Aim of the task:
Output all the data exactly. Pictures do not belong in the copy.

Source material:
▬▬▬▬▬▬

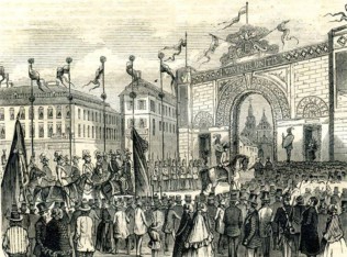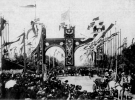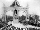 Цікаво, що колія електричного трамваю, який саме тоді розпочав свою роботу, проходила під тріумфальною аркою. Хоча дана арка була масивною кам'яною конструкцією, це не завдали їй бути лиш тимчасовим спорудження, котре як і інші попередниці, безслідно зникло, закарбувавшись лишень на давніх світлинах.
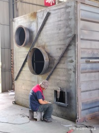 (3)进出口管道:一般进口烟气管道是在筒体的下侧放进入,出口烟气管道在顶盖的中央,也有的是另一侧上方引出。
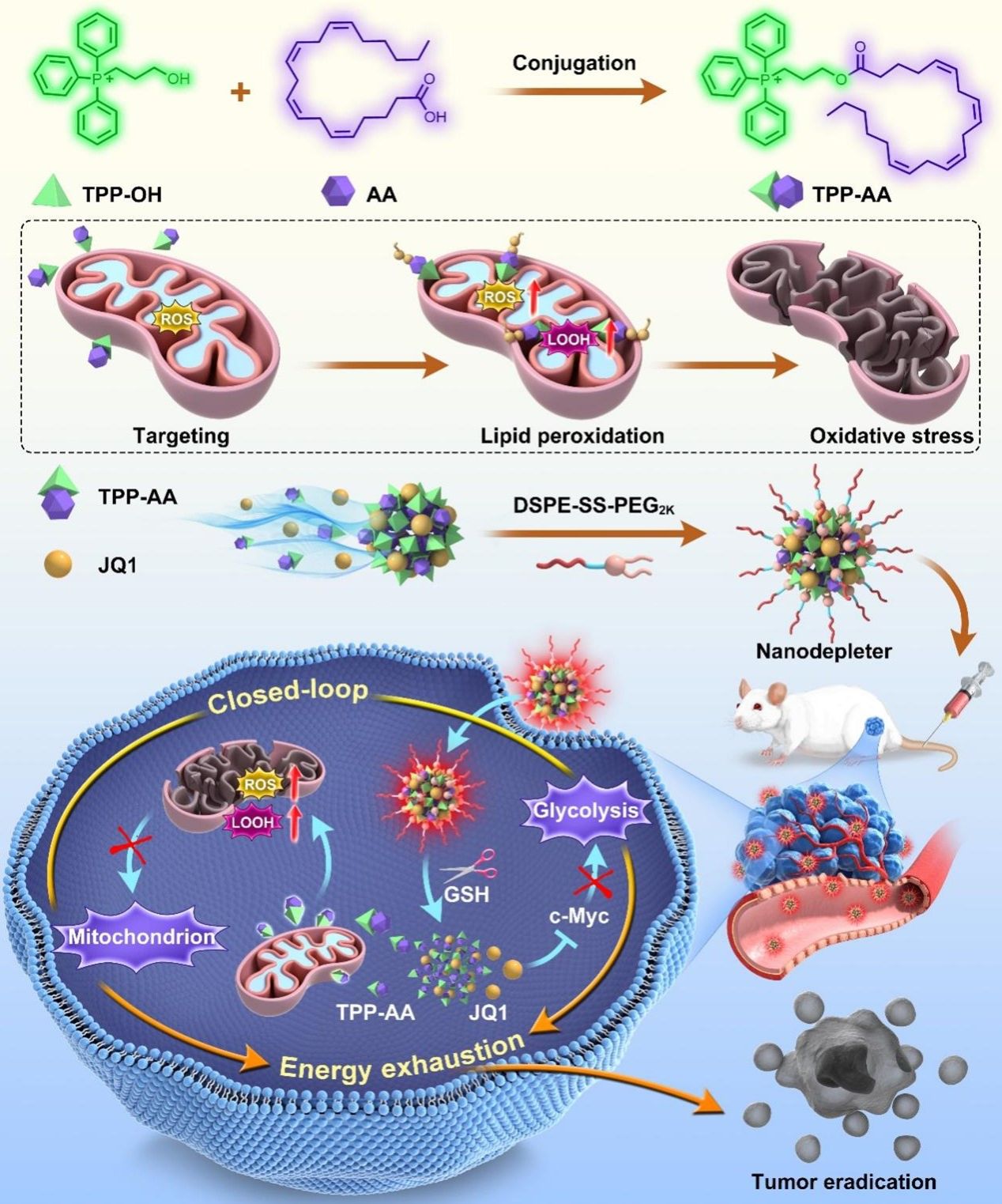 在这项研究中,作者提出了一种糖酵解/线粒体双向闭环能量耗竭策略。首次设计并合成了一种由三苯基膦(TPP)和内源性无细胞毒性的花生四烯酸(AA)组成的功能偶联物(TPP-AA),其在线粒体的高活性氧(ROS)水平过氧化AA后引发肿瘤线粒体特异性氧化损伤。值得注意的是,与AA相比,TPP-AA不仅对肿瘤细胞的细胞毒性提高了50倍以上,而且在药理学上可达到的浓度下,对正常细胞的细胞毒性可以忽略不计。TPP-AA的细胞毒性选择性应归因于正常细胞和肿瘤细胞之间线粒体膜电位的巨大差异,使其成为一种具有良好安全性的氧化磷酸化抑制剂。更重要的是,TPP-AA表现出与JQ1(一种糖酵解抑制剂)以不同的摩尔比自发共组装成无载体纳米药物的倾向。此外,将TPP-AA制备成纳米耗竭器可以避免TPP的阳离子毒性。经过优化和氧化还原响应的DSPE-SS-PEG2K修饰,以1:3的最佳摩尔比(TPP-AA/JQ1)制备了无载体的双向纳米耗竭器。在肿瘤细胞高谷胱甘肽(GSH)水平下,释放出TPP-AA和JQ1。随后,TPP-AA通过引发线粒体功能障碍阻断线粒体氧化磷酸化。同时,JQ1通过下调肿瘤细胞中c-Myc抑制糖酵解途径。最后,纳米耗竭器通过肿瘤特异性糖酵解/线粒体双向能量消耗,在多种荷瘤小鼠模型中显著抑制肿瘤生长。

▬▬▬▬▬▬

Answer to this exercise:
 Цікаво, що колія електричного трамваю, який саме тоді розпочав свою роботу, проходила під тріумфальною аркою. Хоча дана арка була масивною кам'яною конструкцією, це не завдали їй бути лиш тимчасовим спорудження, котре як і інші попередниці, безслідно зникло, закарбувавшись лишень на давніх світлинах.
 (3)进出口管道:一般进口烟气管道是在筒体的下侧放进入,出口烟气管道在顶盖的中央,也有的是另一侧上方引出。
 在这项研究中,作者提出了一种糖酵解/线粒体双向闭环能量耗竭策略。首次设计并合成了一种由三苯基膦(TPP)和内源性无细胞毒性的花生四烯酸(AA)组成的功能偶联物(TPP-AA),其在线粒体的高活性氧(ROS)水平过氧化AA后引发肿瘤线粒体特异性氧化损伤。值得注意的是,与AA相比,TPP-AA不仅对肿瘤细胞的细胞毒性提高了50倍以上,而且在药理学上可达到的浓度下,对正常细胞的细胞毒性可以忽略不计。TPP-AA的细胞毒性选择性应归因于正常细胞和肿瘤细胞之间线粒体膜电位的巨大差异,使其成为一种具有良好安全性的氧化磷酸化抑制剂。更重要的是,TPP-AA表现出与JQ1(一种糖酵解抑制剂)以不同的摩尔比自发共组装成无载体纳米药物的倾向。此外,将TPP-AA制备成纳米耗竭器可以避免TPP的阳离子毒性。经过优化和氧化还原响应的DSPE-SS-PEG2K修饰,以1:3的最佳摩尔比(TPP-AA/JQ1)制备了无载体的双向纳米耗竭器。在肿瘤细胞高谷胱甘肽(GSH)水平下,释放出TPP-AA和JQ1。随后,TPP-AA通过引发线粒体功能障碍阻断线粒体氧化磷酸化。同时,JQ1通过下调肿瘤细胞中c-Myc抑制糖酵解途径。最后,纳米耗竭器通过肿瘤特异性糖酵解/线粒体双向能量消耗,在多种荷瘤小鼠模型中显著抑制肿瘤生长。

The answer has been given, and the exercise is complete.